After the trial court sua sponte stopped the trial proceedings and dismissed the jury

for the day, the court admonished the State for attempting to elicit inadmissible

                                          11
hearsay. The court ordered the State “to ask a different question because it looks like

you’re going down a hearsay route.”

      Cedillo filed a motion for mistrial arguing that the State had “introduced

evidence to support an implied admission” of the charged offenses because the

evidence showed that Cedillo “refused consent to a warrantless search and seizure

of a sample of his saliva . . . .” Cedillo argued that the error could not be cured by an

instruction to disregard the evidence.

      Before trial resumed, the trial court held a hearing on the motion for mistrial.

Defense counsel objected to the “reference made to [Cedillo] coming into contact

with law enforcement and refusing to consent to search and seizure of his saliva

forcing law enforcement to go and get a warrant which is already in evidence for his

forceable seizure of saliva[.]” The State responded that it asked the witness, “Did

you ask for consent before getting a warrant,” and the witness did not answer “one

way or the other[.]” The court denied the motion for mistrial.

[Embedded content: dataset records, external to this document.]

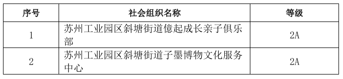 2025年度蘇州工業園區社會組織等級評估結果公示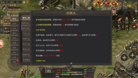 修炼武功:将功修炼至满级会获得元气,元气可以提升境界,境界越高,提供的属性加成越高。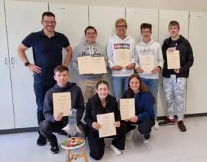 Beim diesjährigen Wasserraketenwettbewerb stellten erneut viele selbst konstruierte Raketen ihre Flugtauglichkeit unter Beweis. Die Wasserraketen wurden dabei im Vorfeld aus handelsüblichen PET-Flaschen konstruiert. Anbauteile aus dem 3D Drucker sowie Schlauchzubehör für einen gezielten Start wurden ebenfalls genutzt. Das Siegerteam um Lukas Angermann, Linus Bittner sowie Adriano erreichte eine beeindruckende Flugzeit von 11,8 Sekunden. Die Teammitglieder dürfen sich über einen Cafeteriagutschein freuen und haben schon Ideen zur Weiterentwicklung der Rakete für den nächsten Wettbewerb im Blick. Den zweiten Platz belegte mit der Zeit von 4,5 Sekunden das Team um Sebastian Kloß, Julia Dubiel, Leonie Rohlender, Franziska Brehme und Jennifer Kogan. Marco Seiler, Yagmur Turhan, Maximilian Pahomov und Melike Öztürk belegten den dritten Platz mit einer Flugzeit von 4,4 Sekunden.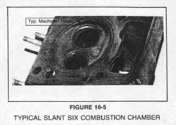 The outside edges of the 6 cylinder head's combustion chamber is machined or relieved next to the two valves as shown in Figure 16-5. If oversized valves are installed these reliefs should be enlarged.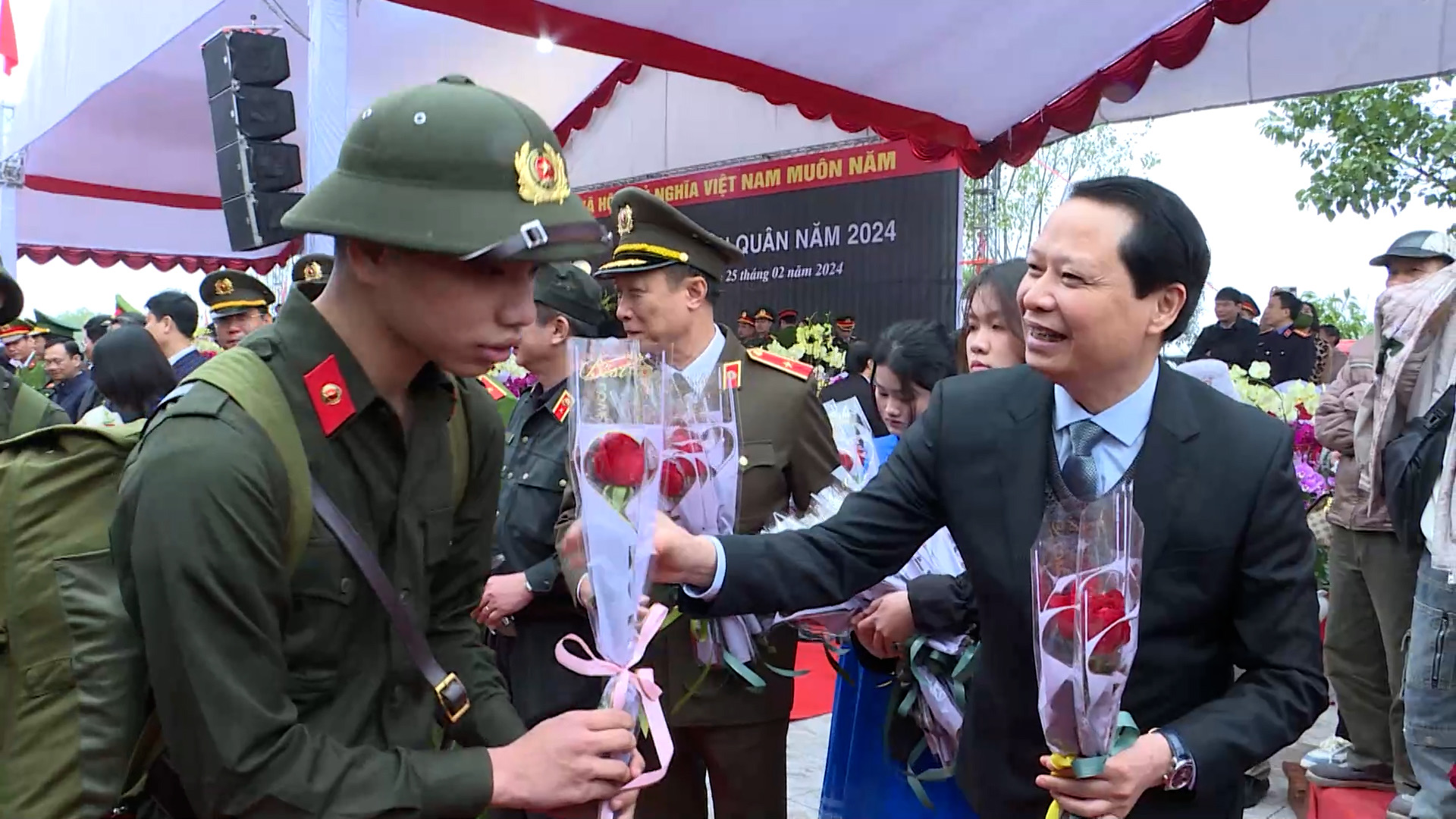 Tại buổi lễ, đồng chí Thứ trưởng Bộ Công an và đồng chí Bí thư Tỉnh ủy; lãnh đạo Quân khu 3 cùng các đồng chí lãnh đạo tỉnh, huyện đã tặng hoa, động viên tân binh lên đường nhập ngũ.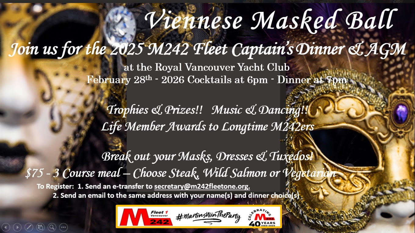 Please find below the invitation, registration, payment, and meal choice information re the upcoming M242 Fleet Captain Dinner (and a very very short AGM) at Royal Vancouver Yacht Club where in addition to awarding prizes to the winners of last year's events, we will also for the first time be recognizing 5 Life Members of M242 Fleet One for their major contributions to the Class going back to 1981.

      Defense counsel then requested that the trial court instruct the jury to disregard

“the testimony regarding [Cedillo’s] refusal to consent to a search of his saliva.” The

court denied the request.

      We disagree with the State that Cedillo waived error on his first issue. On

appeal, Cedillo challenges the State’s questioning of Gonzalez about Cedillo’s

purported refusal to consent to provide a DNA sample without a warrant. As the

                                           12
State correctly notes, after the trial court denied Cedillo’s motion for mistrial,

Cedillo requested that the court instruct the jury to disregard testimony, not the

State’s questions. It is this request for a curative instruction that the State argues did

not preserve error.

      The State’s narrow argument, however, omits important context that we must

consider in determining whether Cedillo’s trial complaint preserved error for the

issue he raises on appeal. See Resendez, 306 S.W.3d at 313; Lyssy, 429 S.W.3d at

41. When the State began its line of questioning, defense counsel objected on

relevancy grounds. At that point, Gonzalez had only testified that he did not recall

whether Cedillo was asked to provide a DNA sample without a warrant. When the

State replied that the testimony was relevant to Cedillo’s state of mind and “goes to

his culpability,” defense counsel argued that attempting to elicit the testimony

constituted “an unfair inference to his [Cedillo’s] pre-arrest silence in this case.”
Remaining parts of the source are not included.